For as long as I can remember, I have always been a fan of black and white (see B&W). My Mom took a photography class at LSU and took the most awesome black and white photographs; so much so, that it got me into photography (B&W not so much I am embarrassed to say). I love B&W photography, movies... something about the lack of vivid colors does something I think, allows the subject matter to speak for itself. Allow me to preface the rest of this story by noting that I had no idea how much it had to say...
As many of you already know, Lila is pregnant- right at 5 months now. We couldn't ask for a more pain-free and simplistic pregnancy (ok, more pain-free for me than her, but seriously). Week-by-week clockwork. She went in for her first ultrasound in mid-December. The scan they took looked like, in her words, a kitten. The image was that of a small, nondescript looking thing- like a kitten, I guess. Yeah, that's our kid *rolleyes*; I knew this shit was a ruse. Lila's a crafty bitch. heh.
So we're sitting at the OBGYN's yesterday, waiting for her mid-term ultrasound. There I am, sitting in a room full of pregnant women in my Carhartt work pants, jungle boots and suspenders- I'm quite the site I am sure (yes honey, I know you love my ass in the Carhartt's): scruffy goatee, with my OD green "Marines" t-shirt on, my oil stained cap covering my mop. Yep, a classic shoe-in for Dad-of-the-year here baby.

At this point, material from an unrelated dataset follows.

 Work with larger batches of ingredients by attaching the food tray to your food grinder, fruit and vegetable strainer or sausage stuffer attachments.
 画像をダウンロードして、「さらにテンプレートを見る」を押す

Fuck yeah, who you kiddin'???!! For the past 5 months, while I've known we were pregnant, it hadn't really sunk in for me just as of yet. Give it 5 minutes. I sit there and bitch to Lila about the horrid green plastic shoes some woman is wearing, while she is constantly prodding me to curb my language. Yep, still a potty mouth at 37. I was bitchy and yes, a bit selfish. I had to leave the house and all of it's labored glory to sit in a room and wait for the stomach movie to start filming- which I might add, started 15 minutes late (grrr). My 5 minutes is up.

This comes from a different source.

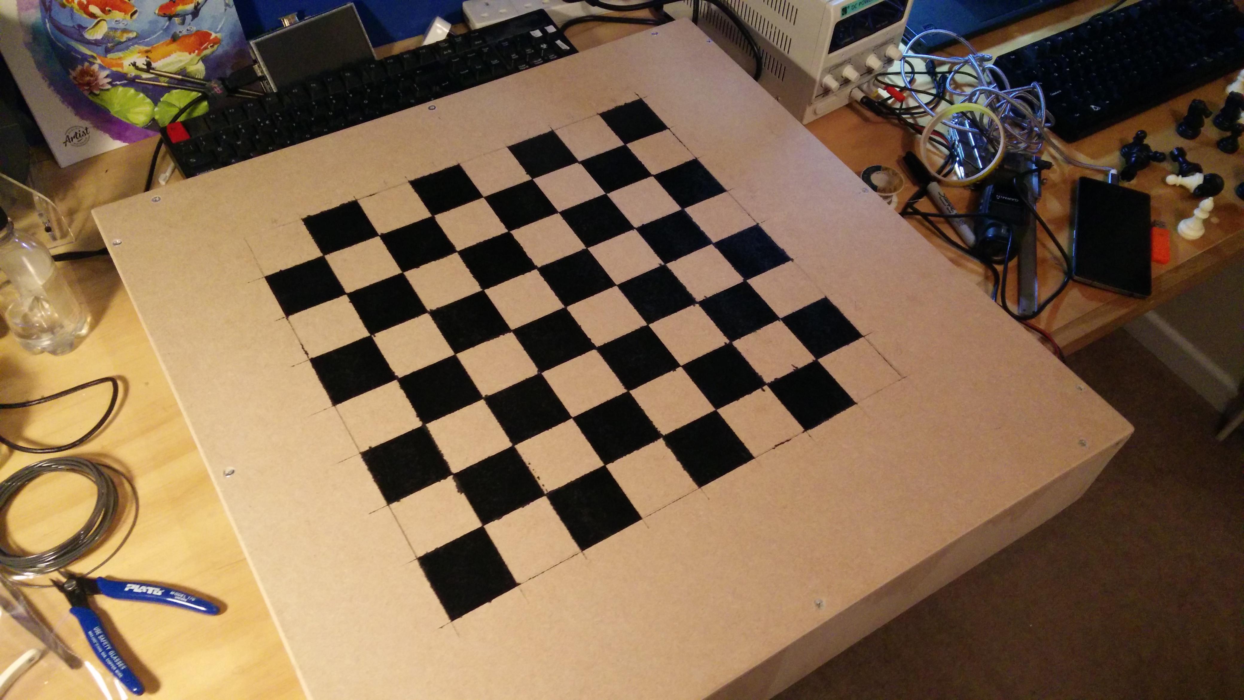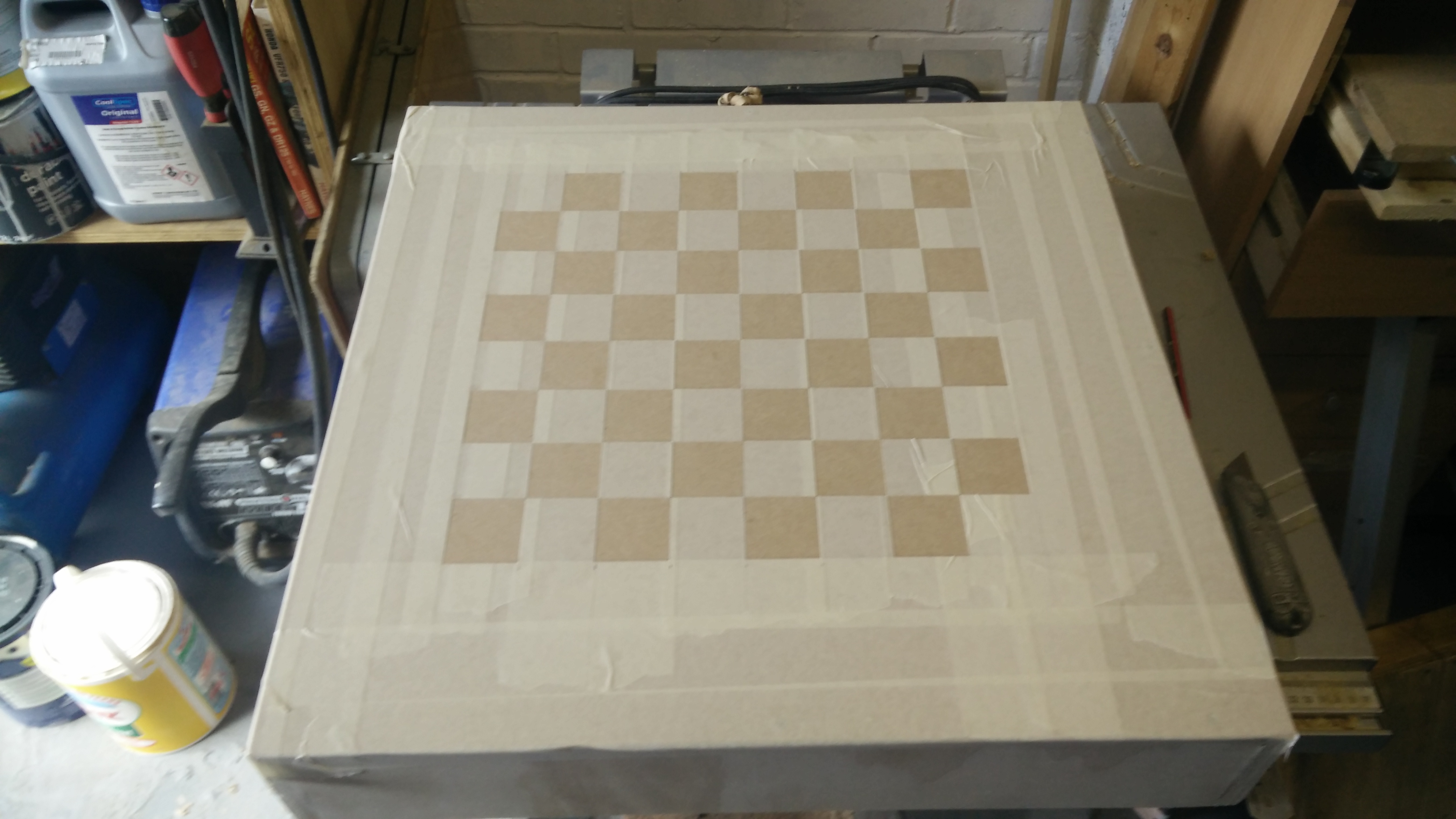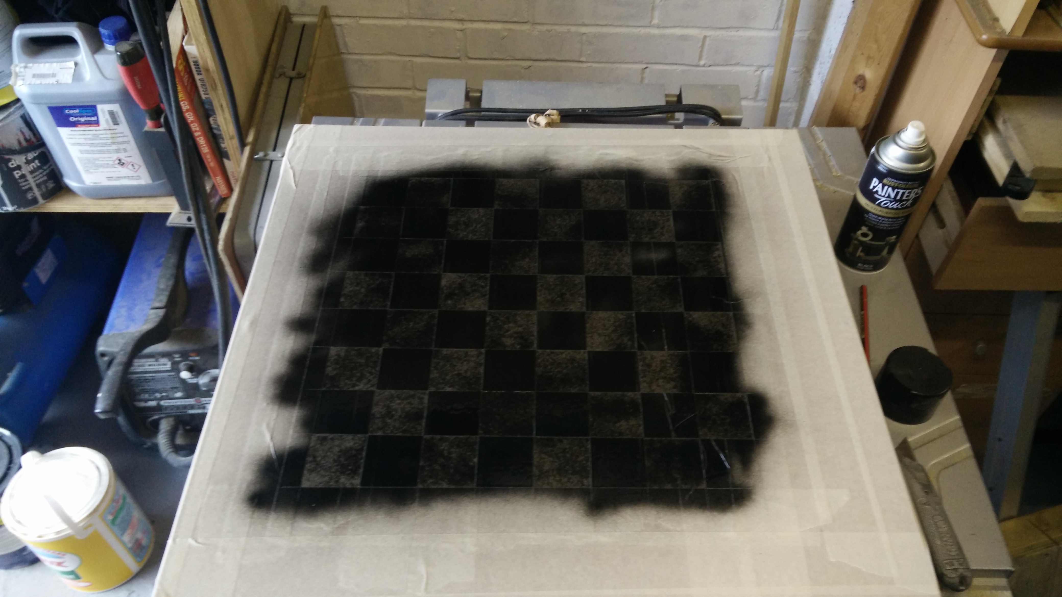 I don't think this worked spectacularly well, quite a lot of paint seems to have seeped under the tape and messed up adjacent squares. It's adequate though. After this, I sprayed several coats of lacquer over the top of the board to make it look nicer, and to reduce friction for moving the pieces.

We walk in to an incredibly large, darkened room with several devices I have never seen before, a huge LCD on the wall, a PC. Whiskey. Tango. Foxtrot, over???!! OK, I'm nervous now. She forced me not to use a condom Mom, I swear... The technician asks Lila to get up onto the table and pull her pants down below her hips. Hey, now we're gettin' somewhere (yeah, the same place that got us HERE). She spills out the lube and breaks out the wand and the show begins.

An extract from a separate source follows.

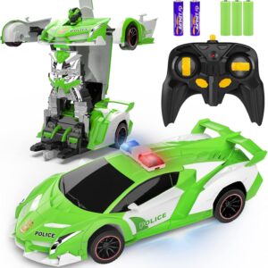 This wonderful robot racing car has much cool design for fun, such as a 360-degree rotation roller and bright LED police light, which gives kids a better playing experience, and it is very easy to operate.

Fuck. I'm still nervous. I stand up. I look over at Lila and she reaches out her hand. I walk up and take it and we both look up to the LCD on the wall in utter amazement. There it is, the lil vampire. The kiddo. Our child. The technician explained what was what as she swerved in and out, left and right. The images were amazing. Heh, who am I kidding- it was fucking amazing. As I was to tell my Mom minutes after I left, it was "The coolest shit I'd ever seen!". The little arms that covered his huge melon (we don't know or want to know the child's sex, but if I say boy enough- saying it makes it happen!). It was really eye opening when the baby smiled at us, as if to look at us and say "What the hell do you want?". The look on Lila's face was priceless though, her eyes rolled to the size of plates and nearly popped out of her head. It was a look I was to see several times, actually. I'm not too sure at what point I stopped being nervous and really got excited. It was all so incredible to see the heart beating, the baby tossing about. I have to say that we were both saddened by the fact that no horn was evident; I told Lila I thought unicorns might not develop a horn until after birth, so there's still hope. But, unicorn or no, I think I am gonna be a dad.
The movie wraps up and the technician gives Lila a roll of about 1500 ultrasound scans that she took and we headed out. We walked out to the front of the doctors office and hugged, kissed and got into our respective cars. As I sat there, briefly, it really hit me. The love of my life is pregnant with our child. I felt so much more connected to Lila than I ever have and I didn't ever think that was possible. True love finds a way of surprising me all the time and this is certainly no exception. We're going to be parents of a baby boy (hint-hint), the only question now is whether it will be black or white.
2 comments:
Good line about the unicorn. One day, when I'm a father, I hope to remember to use it.
Something to make the wife really think twice about me as a father.
This is a far cry from the conversation we had in my kitchen about love and relationships. Look at us now you are in a great relationship and you will be a father. It seems that you have everything you said you wanted. Good conversation with someone you love, "good sex?" and you are going to be a father. I am really happy for you. My God bless and keep your growing family.